Preliminary Conference Program



Room B Stream 2 - The Transition to Euro 7 and Reduction in CO2 Emissions

Opportunities and technologies for IC engines in a net-zero CO2 and zero-emissions future

Prof Sam Akehurst
Professor
IAAPS - Institute for Advanced Automotive Propulsion Systems & University of Bath
UK
Even the most optimistic projection for BEV and PHEV uptake has 57% market penetration by 2040, based on annual sales. Of that, ~15% will be PHEV fitted with an internal combustion engine, meaning that the majority of vehicles sold in 2040 will still feature an internal combustion engine. Therefore it is essential that we continue to consider all opportunities to minimize IC engine emissions and pathways to reducing the CO2 footprint of future vehicles. This presentation will give an overview of potential pathways to net-zero CO2 and near-zero emissions at the tailpipe, including novel engine topologies, advanced combustion concepts, future fuels and complete powertrain energy management. Synergies between electrification and IC engine optimization will be highlighted as potential pathways to significantly increase IC engine efficiency.

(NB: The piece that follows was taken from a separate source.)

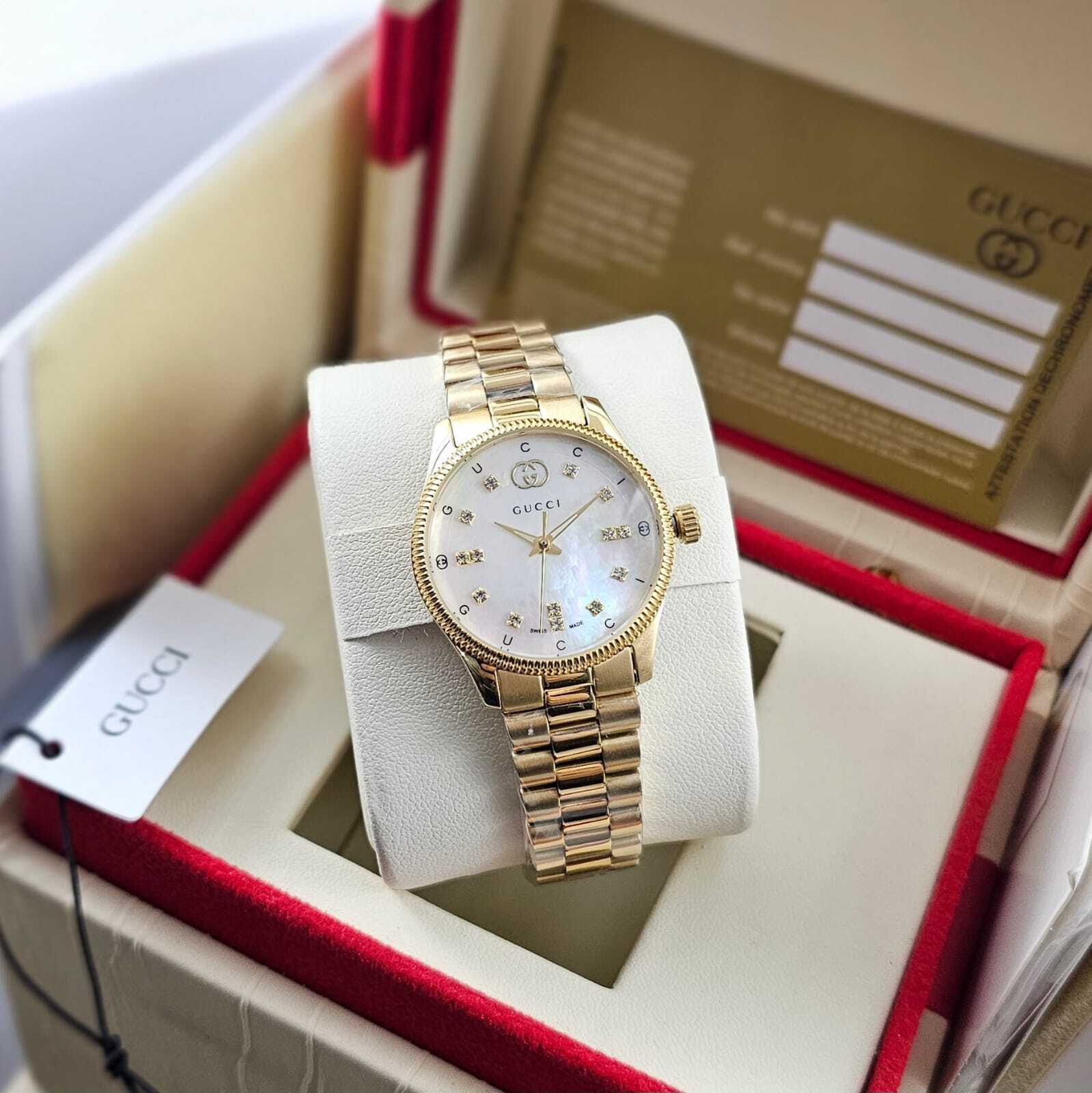 تألقي مع ساعة قوتشي الفاخرة ذات التصميم الذهبي الأنيق. تتميز بميناء أبيض راقٍ مع تفاصيل ذهبية راقية، وسوار معدني فاخر يعكس الفخامة. تجمع هذه الساعة بين الأناقة والجودة العالية لتناسب إطلالتك اليومية والمناسبات الخاصة.

Managing reputation and emissions compliance through independent testing

Tom Cardy
Business development manager
Emissions Analytics
UK
Innovative value: Historically, the focus has been primarily on emissions compliance at original certification. Due to the combination of Dieselgate and the new in-service surveillance testing under Real Driving Emissions, the notion of emissions compliance risk is much broader, and strict compliance may still come with reputational risk. Emissions Analytics’ presentation sets out the challenges and potential solutions. The data that we will present is based on our independent test program: the EQUA Index is the largest database of its kind and therefore our perspective is unique.

Exhaust systems evolution toward Euro 7 and beyond – gasoline, diesel and hybrids

Guillaume Darding
Exhaust product engineer
Katcon Global SA
Luxembourg
European standards have significantly evolved during the past three years in terms of pollutant detection and CO2 emissions. The future Euro 7 standard and CAFE (Corporate Average Fuel Emissions) until 2030 will be additional steps forward. Those changes will have major consequences not only on internal combustion engine development, but also on aftertreatment systems regardless of the engine (gasoline, diesel or hybrid). This presentation discusses current and future developments in exhaust systems to meet the European standards.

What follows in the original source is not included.